本判決の進歩性の判断では、特許権者自身がFDAに提出した第II相試験の治験実施計画書を主引例とした進歩性欠如の主張は認められないとされている。本件発明と引用発明の違いは、実際に臨床試験で効果が確認できた医薬か治験に供された薬剤かのみとなっている。一見すると、動機づけはあり、予測できない顕著な効果の主張も難しく思える。しかし、判決では、本件が他の文献から導きだされる出願当時の技術常識とは異なる経路の遮断を通した疾患の治療薬であることに鑑みて、一般的な第II相試験の成功率の低さも考慮した上で、進歩性が認められている。

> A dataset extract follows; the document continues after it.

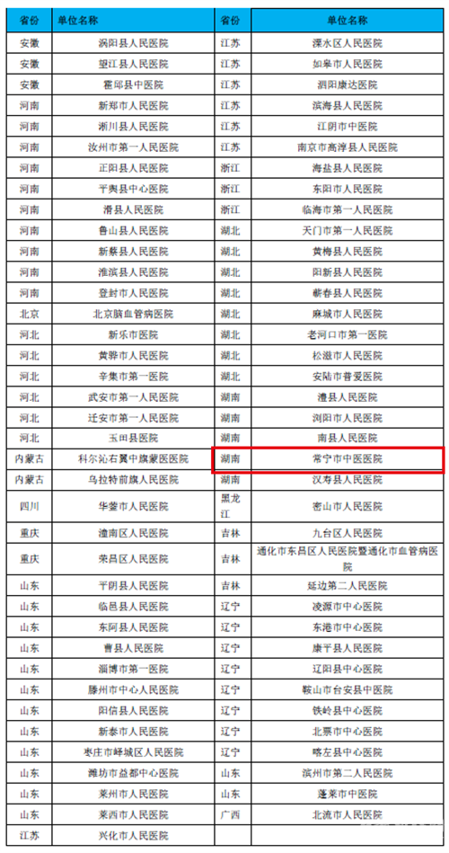 “基層血管健康管理中心”項(xiàng)目(第一期)自今年4月份正式啟動(dòng)以來,全國(guó)共有118家意向單位進(jìn)行申報(bào),經(jīng)項(xiàng)目辦公室及學(xué)會(huì)專家的雙重審核,最終有包括常寧市中醫(yī)醫(yī)院在內(nèi)的89家單位獲此殊榮。常寧市中醫(yī)醫(yī)院為湖南省首批通過認(rèn)證的6家醫(yī)院之一。
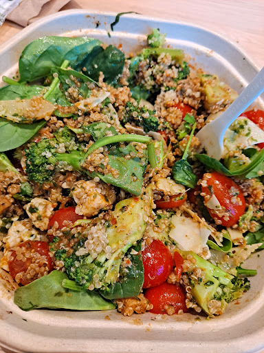 Ā Ā Ā Read moreI was really looking forward to this place as my family and I had never tried it before. Needless to say, I was totally disappointed with everything. First, we placed a mobile order for pickup at 1:15pm and did not physically receive our order until 1:40pm. We arrived around 1:20 pm and had to wait in line to ask about our order. Once my husband got up to the counter, he was told that the order was ready, but he had to wait in the "pick-up" area. So he waited an additional 12 minutes as everyone else in line received their orders. That was a really awful first impression and it was just generally rude. Poor service, especially when the food isn't cheap and we placed the order almost an hour before our pickup time. The food was not good either. The portion sizes were fine and the ingredients seemed fresh, however, I couldn't taste anything but cilantro. There was so much cilantro that it overpowered the entire bowl; I could barely taste the pickled onions and there was no trace of sauce. My kids got a side of focaccia and hummus with their food, but the bread was so dry that you could barely swallow it. The apples and tortilla chips that came with their meal were saturated in whatever dressing they use on the chicken, making them soggy and inedible. I can't see myself going back there again. Total waste of...

さらに、サポート要件については、実際に薬理効果を実証したmAb1抗体で、アトピー性皮膚炎における臨床症状が改善し、アトピー性皮膚炎のバイオマーカーも低下したことをもって、抗IL-4Rアンタゴニスト抗体(mAb1以外の32種)等も同様の作用効果を有すると当業者が理解できる、とされ、実施可能要件についても、そのような効果を有する抗体について、過度の実験を要することなく、当業者は実施できるとされた。
進歩性の判断については、本判決の出願当時の技術常識やアトピー性皮膚炎の病態の複雑さも関係しており、一般化することはできないと考えられる。
また、記載要件については、実施例と同様のメカニズムを有する物質を含む上位概念の権利(例えば配列違いの抗体を含む医薬に対する牽制の為の権利)を守る際に参考になる判決である。但し、判決文にもある通り、実施例で実証された効果によって、クレームされた上位概念に含まれる他の成分も同様の効果を有するとの結論が導かれるような場合の事例であり、その他の場合とは区別されるべきである。